苫小牧市汐見町の水産卸売業、マルトマ苫小牧卸売(西田浩一社長)は、インターネット交流サイト(SNS)を活用した情報発信の新システムを構築する。魚価やブランド力の向上を目指し、競り前に水揚げ状況などを紹介する内容で、その名も「漁船なう」システム。来年度のスタートを目指しており、先行してフェイスブック(FB)でのPRを強化している。
「漁船なう」は漁の様子や水揚げした魚などの写真を撮り、SNSで発信する取り組み。その日の漁獲をその日の競りまでに伝える。魚介類は従来、市場に並ばないと種類や数は分からなかったが、飲食店や一般消費者は競り前にSNSで確認できるようになる。
漁業者の顔写真やPR文の掲載も想定。「生産者の顔が見える魚」の実現を目指す。魚を船上で血抜きする「活じめ」を施したり、競りまで魚を水槽で泳がしたりと、新鮮さを保つこだわりなども発信する予定。買受人への具体的な注文につなげることで、魚価も向上する仕掛けだ。
同社総務部の池田政幸課長は「苫小牧でおいしい魚がたくさん取れていることを知らない人が多い。漁業者に協力してもらいながら、漁船の特徴や品質へのこだわりも、広く知ってもらうことができたら」と強調。

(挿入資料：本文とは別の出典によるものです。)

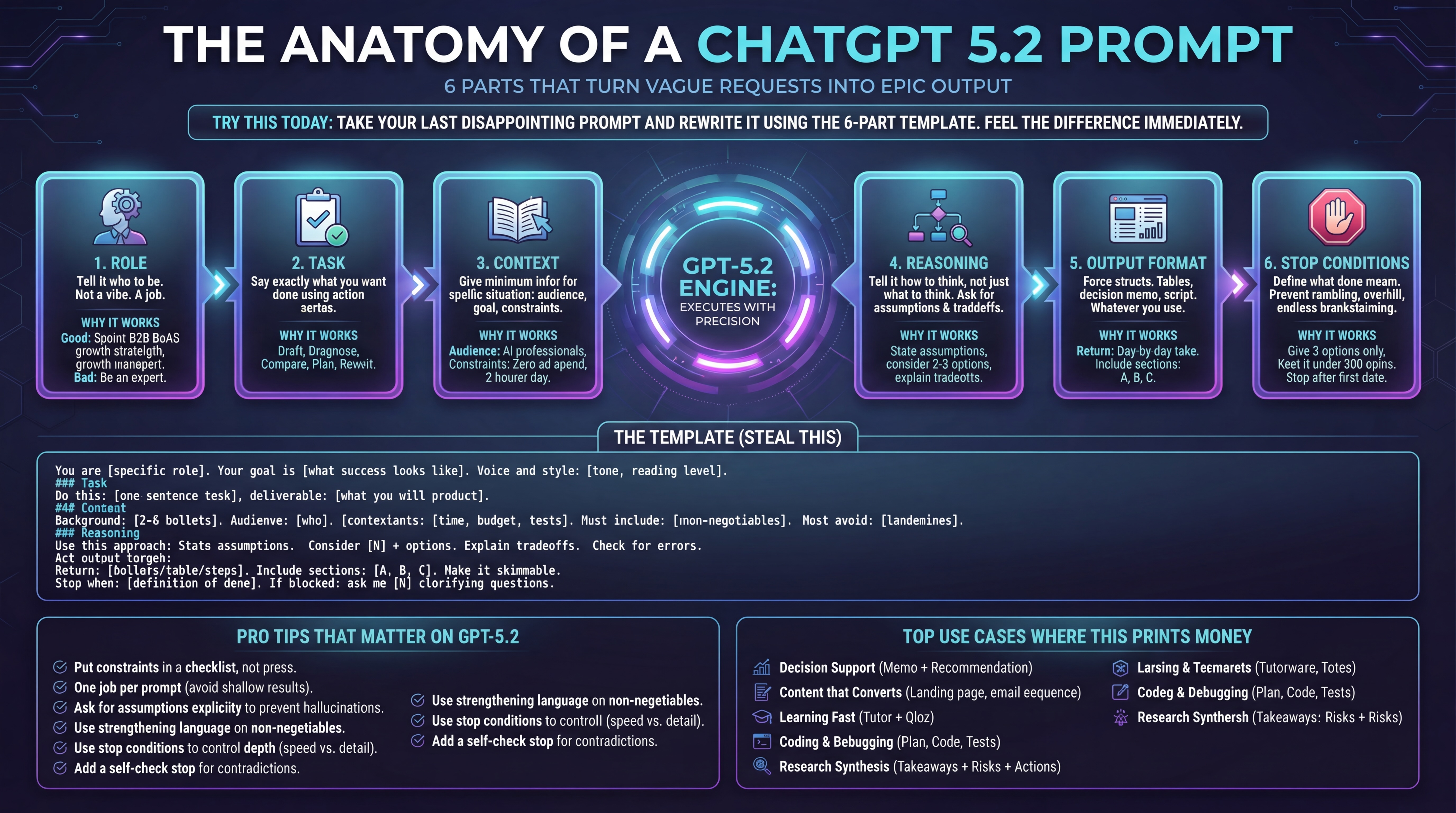 Most prompts fail because they are missing one of these: Role, Task, Context, Reasoning, Output format, Stop conditions. Add all six (with clear section headers) and ChatGPT 5.2 stops guessing and starts executing.

来年度からFBとツイッターでシステムの運用を始める計画で、早ければ年明けにも同社ホームページを刷新する。
先行して6月からFBページを開設。改正卸売市場法施行を踏まえ、魚介類の取引価格をその都度公開する中で、秋サケ定置網漁などの様子も、写真や動画で撮影して流すようにしている。最近では幻のサケと呼ばれる「鮭児(けいじ)」、大きなシュモクザメなどをアップして精力的に水揚げ概況を発信しており、「苫小牧産魚介類のブランドを作りたい」と意気込む。

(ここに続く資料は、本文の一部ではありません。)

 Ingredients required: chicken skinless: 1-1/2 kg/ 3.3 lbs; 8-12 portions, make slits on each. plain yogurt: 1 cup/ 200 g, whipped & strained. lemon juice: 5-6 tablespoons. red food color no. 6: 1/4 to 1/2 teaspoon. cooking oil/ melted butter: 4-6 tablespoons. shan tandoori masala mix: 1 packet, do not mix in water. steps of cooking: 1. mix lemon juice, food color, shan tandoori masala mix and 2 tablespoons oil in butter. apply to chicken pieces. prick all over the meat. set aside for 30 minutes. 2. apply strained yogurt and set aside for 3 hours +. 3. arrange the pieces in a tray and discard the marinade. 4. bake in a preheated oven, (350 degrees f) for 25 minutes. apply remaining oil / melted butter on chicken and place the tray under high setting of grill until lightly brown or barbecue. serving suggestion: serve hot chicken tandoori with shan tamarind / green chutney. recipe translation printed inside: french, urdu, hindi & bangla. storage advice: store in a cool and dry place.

これら取り組みは国の「ものづくり・商業・サービス生産性向上促進補助金」を受けて今年度、IT企業のI・TECソリューションズ(表町)と連携して進めている。併せて市場の働き方改革の一環で、競りにIT技術を活用する「市場なう」システムも構築中。いずれも新型コロナウイルス対策を兼ねており、「今」をキーワードにした市場の取り組みは注目を高めそうだ。